“Deutsche Telekom AG said Thursday it expects operating profit to drop further this year after reporting more customer losses in the U.S. and as parts of Europe remain challenging,” Philipp Grontzki reports for Dow Jones Newswires.
“It reported operating profit for 2011 of EUR18.69 billion, down from EUR19.47 billion a year earlier. ‘In 2011, the company operated in a challenging environment in every respect, a situation that is not going to change this year,’ Chief Executive Rene Obermann said in a statement,” Grontzki reports. “The net loss in the final quarter of 2011 widened to EUR1.34 billion, from a loss of EUR514 million a year earlier. The figure includes several one-time items, including a cash payment of EUR2.3 billion from AT&T Inc. as compensation for the failed sale of T-Mobile USA–as well as impairment writedowns of EUR2.3 billion and EUR800 million on the U.S. and Europe, respectively. Sales were down 3.7% in the last three months of the year.”

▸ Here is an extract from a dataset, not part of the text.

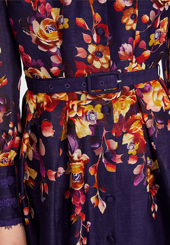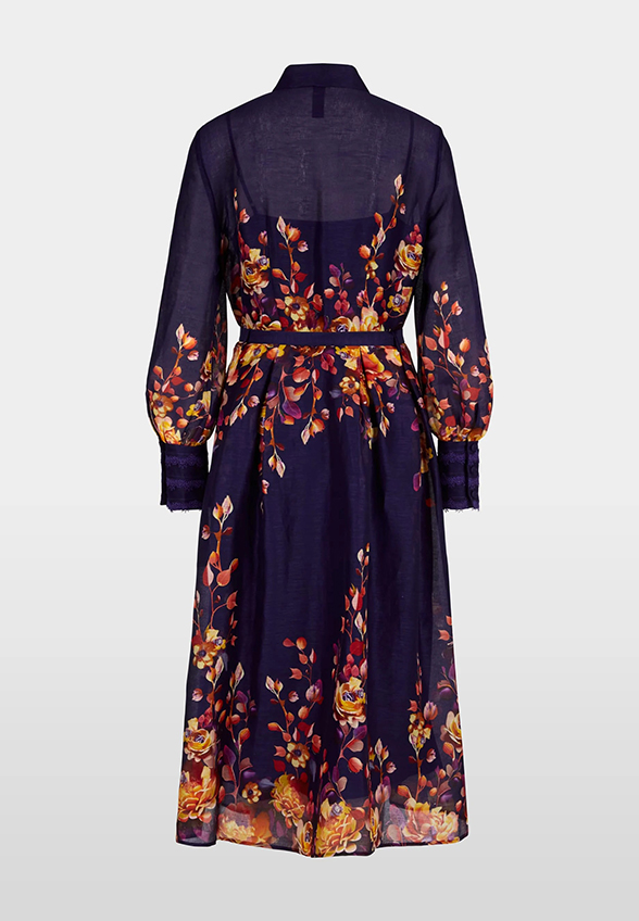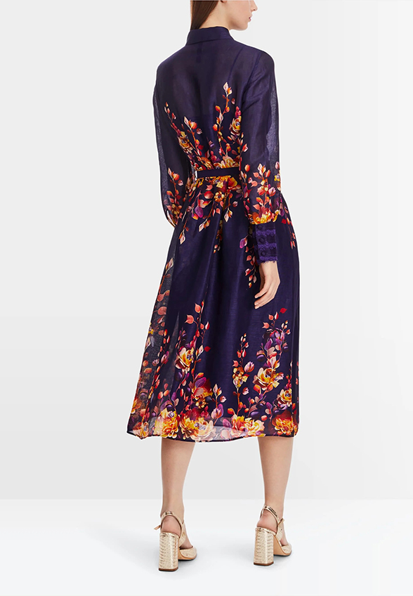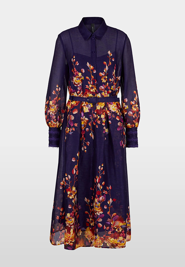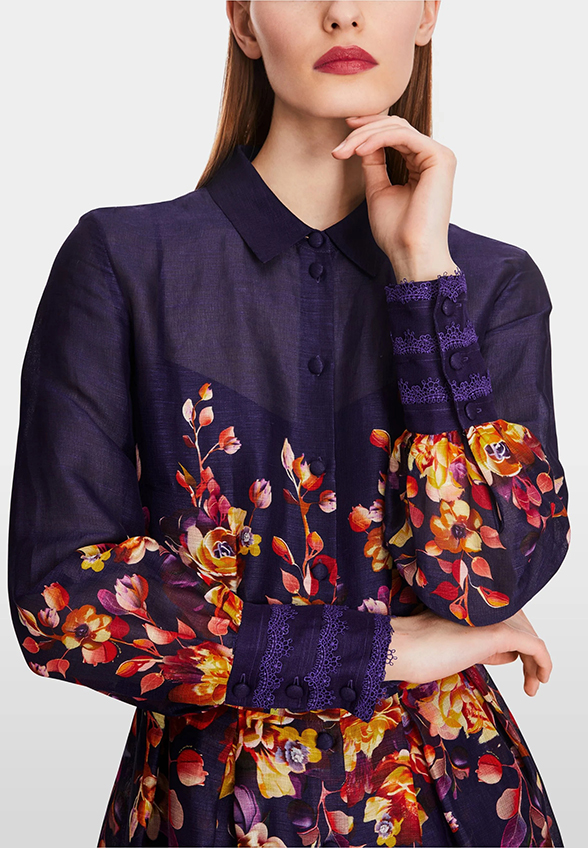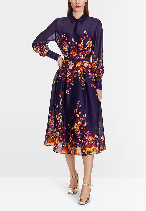 SUKIENKA JEDWABNA W KWIATY FIOLETOWA

Grontzki reports, “T-Mobile USA lost another 802,000 contract customers on a net basis in the fourth quarter. The fourth-quarter impairment losses in the U.S. are linked to the declining customer contract base, as well as margin pressure at new contracts, Deutsch Telekom said, adding that it forecasts T-Mobile USA to generate an operating profit of about $4.8 billion this year, down from $5.33 billion in 2011. T-Mobile USA is the only national carrier not selling Apple Inc.’s iPhone, making it harder to win customers that sign contracts, and so far also the only one that isn’t building a faster fourth-generation mobile network on a technology called LTE. This will change soon, as Deutsche Telekom said Thursday it will invest an additional $1.4 billion as it now plans to launch LTE in the U.S. next year.”